Preserving the health and strength of bones as individuals age is an important issue that is not overlooked in the medical community. However, statistics show that osteoporosis and osteopenia are major health problems for over 50 million women and men aged 50 and over in the United States (US). Both conditions are characterized by low bone density, or low bone mass, but osteoporosis occurs due to the progression of osteopenia.
Osteoporosis is defined as the loss of bone mass and the deterioration of bone tissue that leads to increased bone fragility as well as enhanced fracture risk. Approximately half of the women and one-fourth of the men who are diagnosed with osteoporosis suffer from broken bones due to this condition. In addition, osteoporosis is associated with about 19 billion dollars in medical costs annually, and it is estimated that the costs will rise to at least 25 billion annually by 2025.
Osteopenia is a distinct condition that is defined as a decrease in bone mineral density (bone mass) that is lower than normal but not low enough to meet the criteria for an osteoporosis diagnosis. A specialized test called a dual-energy x-ray absorptiometry (DEXA) scan helps determine whether an individual has osteopenia or osteoporosis.
A DEXA scan provides a number called a T-score that represents how much a patient’s bone mass differs from the bone mass of the average healthy adult. A T-score within one standard deviation (SD) reflects normal bone mass. A T-score that is 1 to 2.5 SDs below the average indicates that an individual may have osteopenia — a mild form of osteoporosis. A T-score that is more than 2.5 SDs below the average T-score indicates the potential presence of moderate to severe osteoporosis.
One of the main risk factors for osteopenia and osteoporosis is aging.
Additional factors that increase the risk of developing osteoporosis include:
- A lack of exercise
- Dramatic weight loss
- Tobacco and alcohol abuse
- A family history of fractures
- Gender (higher prevalence in women)
- Eating disorders (anorexia or bulimia )
- Low body weight or a thin and slender build
- Long-term use of certain medications (e.g., corticosteroids, thyroid medication, anticonvulsants)
However, people with osteoporosis or those who are at risk of developing this condition due to osteopenia often benefit from physiotherapy. During the consultation, a physiotherapist will discuss medical history in detail to assess factors that may contribute to the progression of osteopenia or osteoporosis. If osteoporosis is suspected or a patient has an increased risk of bone fracture due to low bone density, which reflects osteopenia, the physiotherapist may also recommend more precise testing.

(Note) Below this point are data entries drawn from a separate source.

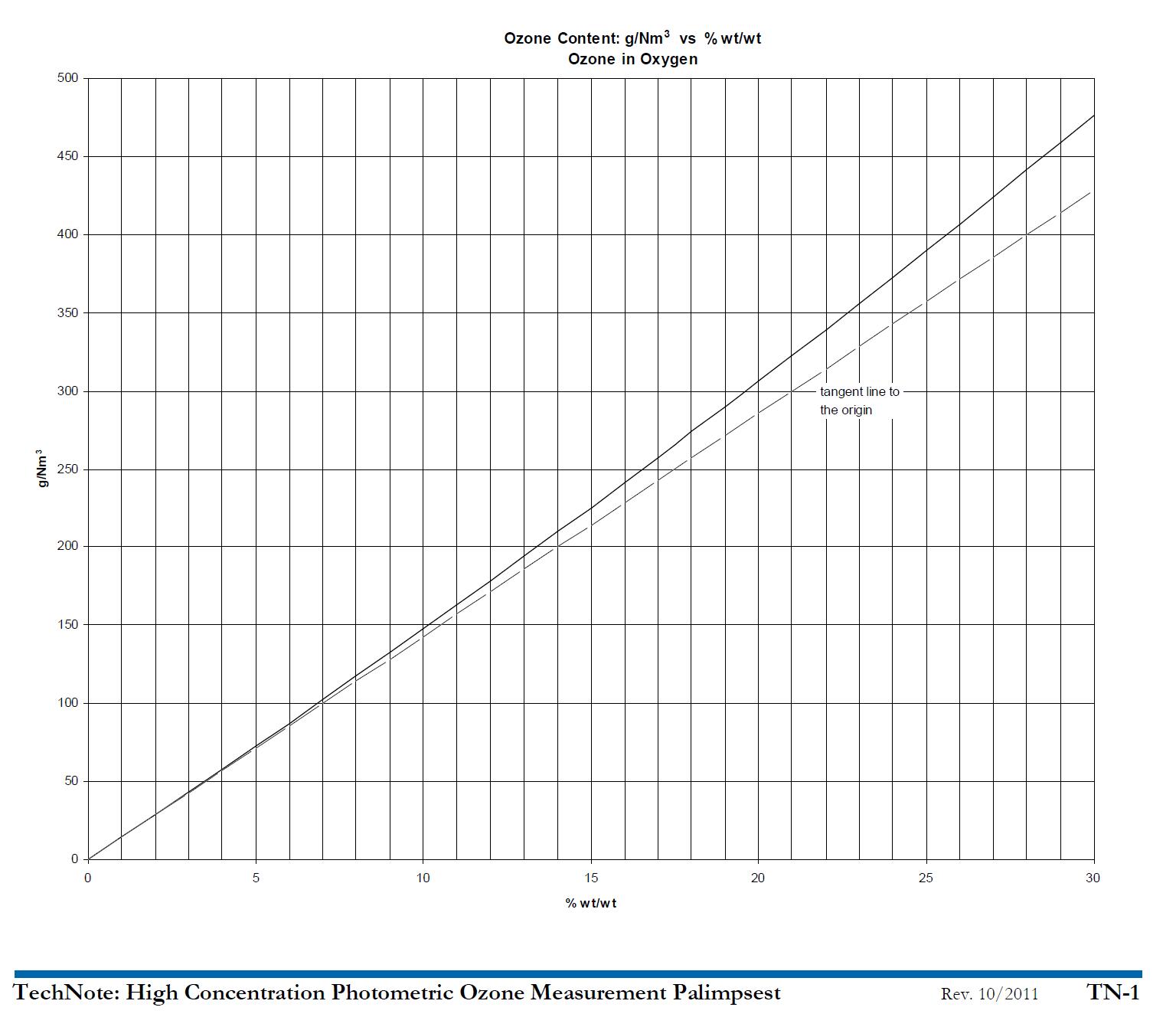 1 Nm3是在0℃和1 atm條件下每立方米所含的樣品氣體的質(zhì)量。這是一個(gè)重要的事實(shí),氣體混合物(臭氧和載氣)隨著臭氧含量的變化而改變密度,因?yàn)檠?一個(gè)氧分子有兩個(gè)原子)當(dāng)它轉(zhuǎn)化成臭氧(一個(gè)臭氧分子有三個(gè)原子)時(shí)“收縮”。在商g/Nm3中,分子分母都隨著臭氧含量的變化而變化,使得g/Nm3和% wt/wt之間的關(guān)系是非線性的!
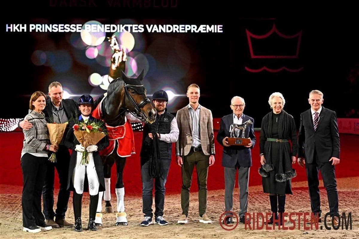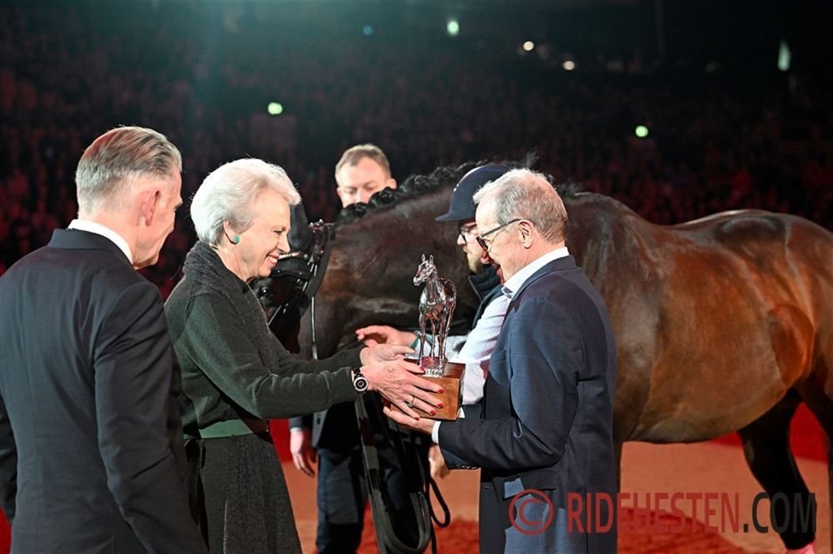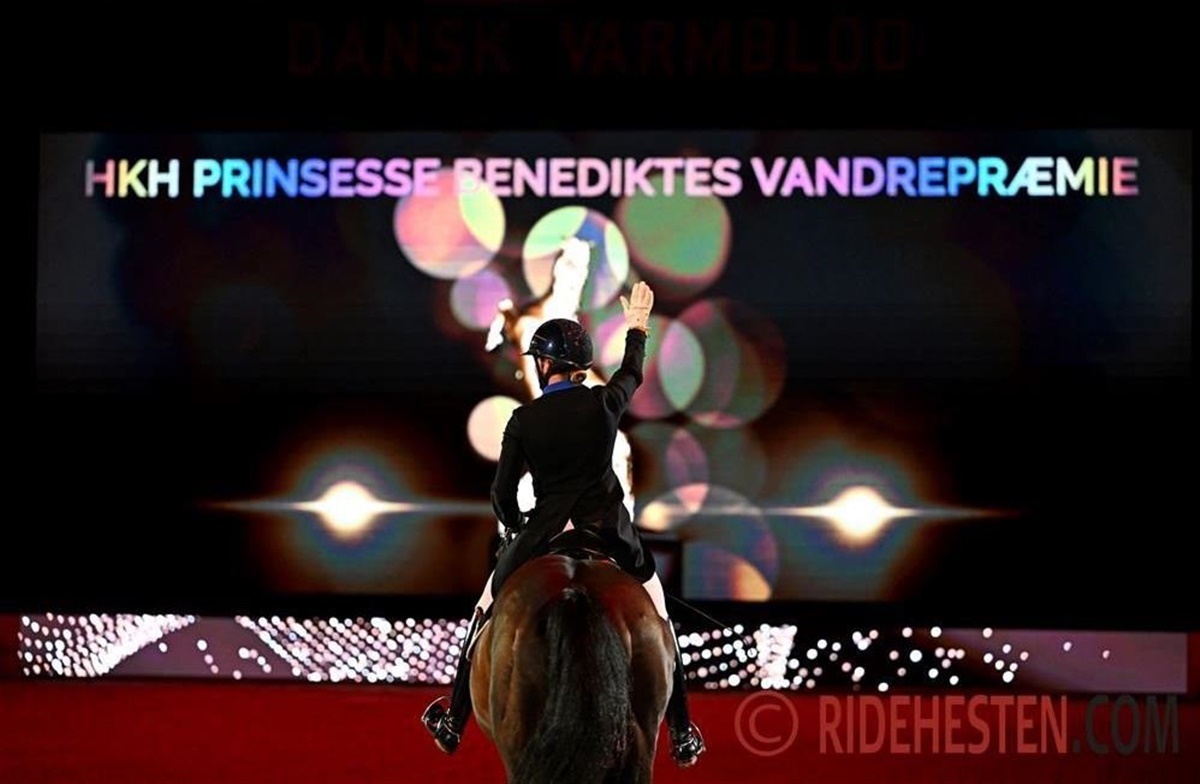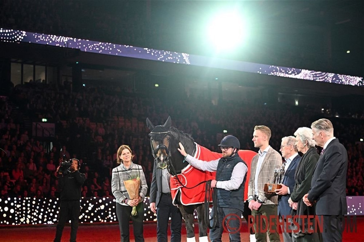 Da sadlen kom af hingsten fik han i stedet sit eget, flotte æresdækken på, og så overrakte H.K.H. Prinsesse Benedikte selv sin pris til Kjeld Kirk Kristiansen – mens Martin trak Blue Hors Zack ud af hallen til stående applaus.
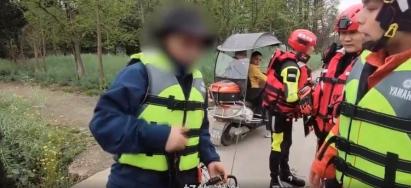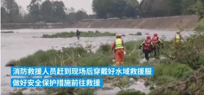 只見有兩名消防人員攜帶著救援工具小心的趟過水,慢慢地向被困在河中心的男子靠攏,給他穿上救生衣。通過隊友之間的配合,以及在岸邊對有的合作下,經過15分鐘,屠先生終于被消防人員攙扶到淺水區域成功上岸。
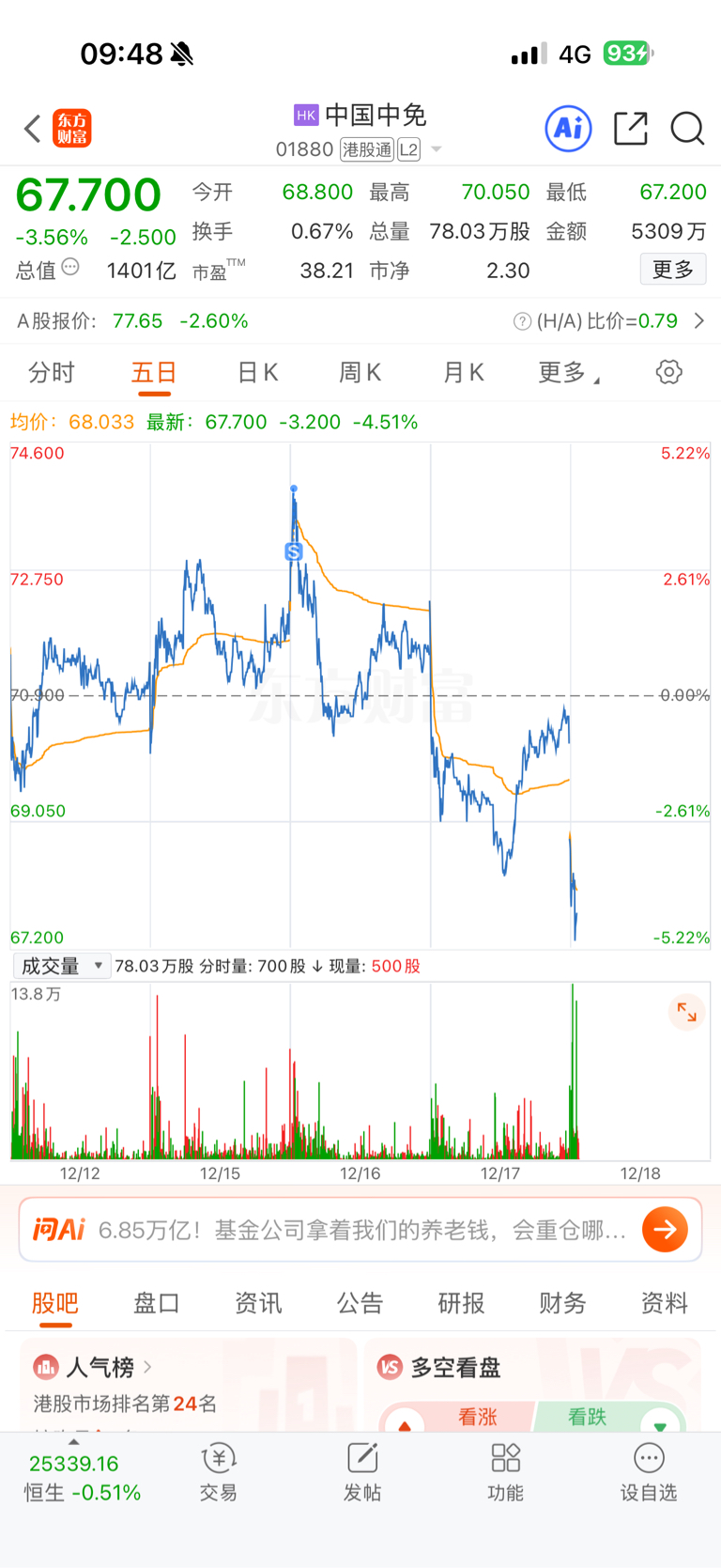 $中国中免(SH601888)$ 我的问题,给它卖崩了
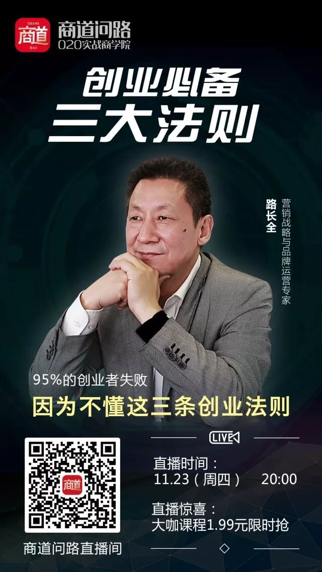 本周四(11月23日)晚上8点我将通过视频直播的形式,给大家讲一讲这些事情,让大家在以后的创业路上少走弯路。
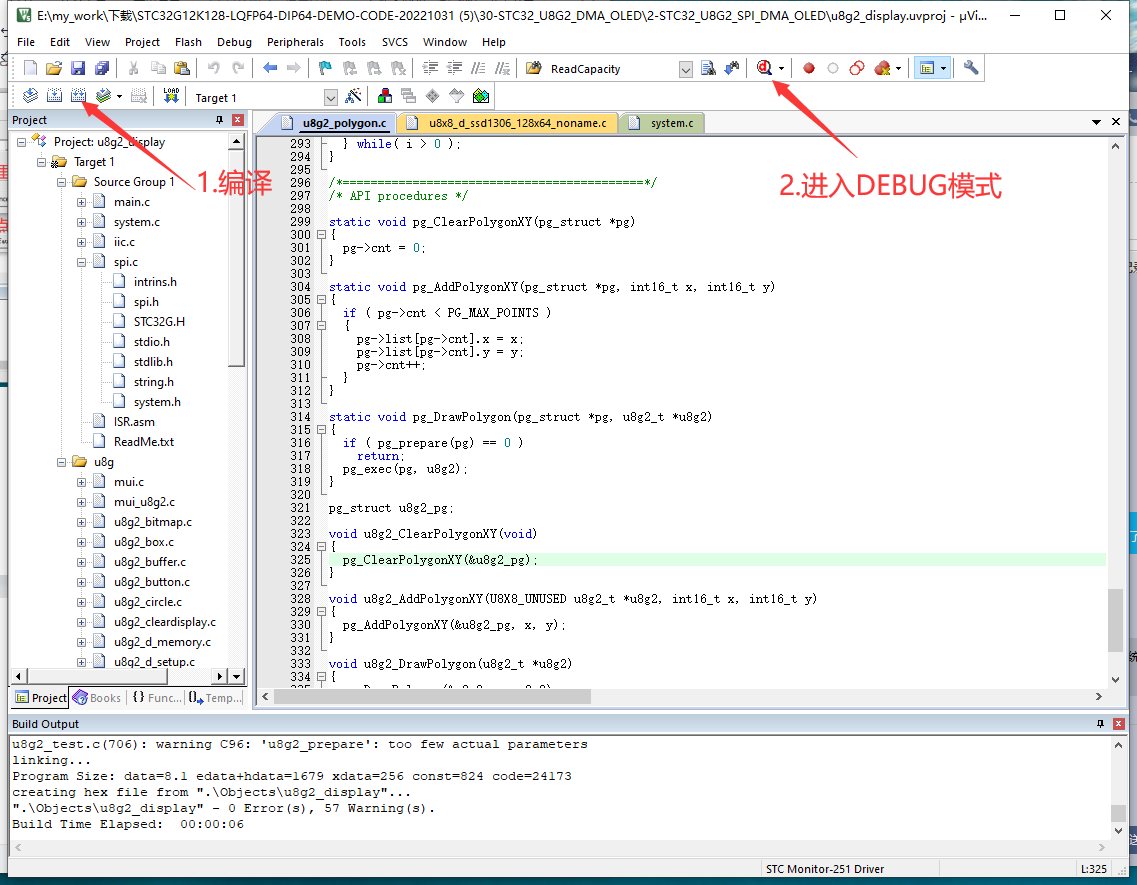 9.出现下面这个界面,说明已经成功的进入了仿真模式,然后就可以用变量监测,断点等等的功能
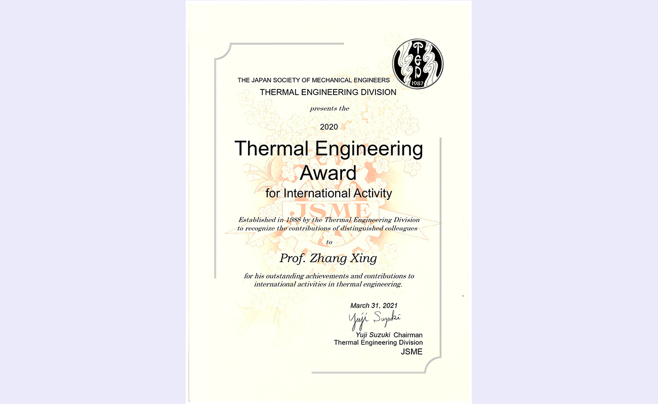 日前,2020年度日本机械学会热工学国际成就奖“Thermal Engineering Award for International Activity”授予kaiyun开云官方网站航天航空学院张兴教授,以表彰他在热工领域取得的杰出的国际成就。

The main goals of physiotherapy include demonstrating safe ways to move the body, lift items, and maintain proper posture. The therapeutic plan also entails learning exercises that help slow the loss of bone mass. Bone problems may lead to physical inactivity, but this can worsen bone tissue deterioration, accelerate osteopenia or osteoporosis, and increase the risk of falling and fracturing bones. Although both of these conditions are associated with reduced bone mass, diagnosing and treating osteopenia early on is an important factor that can help prevent the occurrence of osteoporosis and future health issues.
1. The Bone Health & Osteoporosis Foundation. What is osteoporosis and what causes it? Retrieved June 15, 2023. Available at https://www.nof.org/patients/what-is-osteoporosis/
2. National Osteoporosis Foundation. Osteoporosis fast facts. Retrieved June 16, 2023. Available at https://www.bonehealthandosteoporosis.org/wp-content/uploads/2015/12/Osteoporosis-Fast-Facts.pdf
3. Consensus Development Conference V, 1993. Diagnosis, prophylaxis, and treatment of osteoporosis. Am J Med. 1994;90:646-650.
4. Varacallo MA, Fox EJ. Osteoporosis and its complications. Med Clin North Am. 2014;98(4):817-831.
5. Hartely GW, Roach KE, Nithman RW, et al. Physical therapist management of patients with suspected or confirmed osteoporosis: A clinical practice guideline from the Academy of Geriatric Physical Therapy. J Geriatr Phys Ther. 2022;44(2):E106-E119.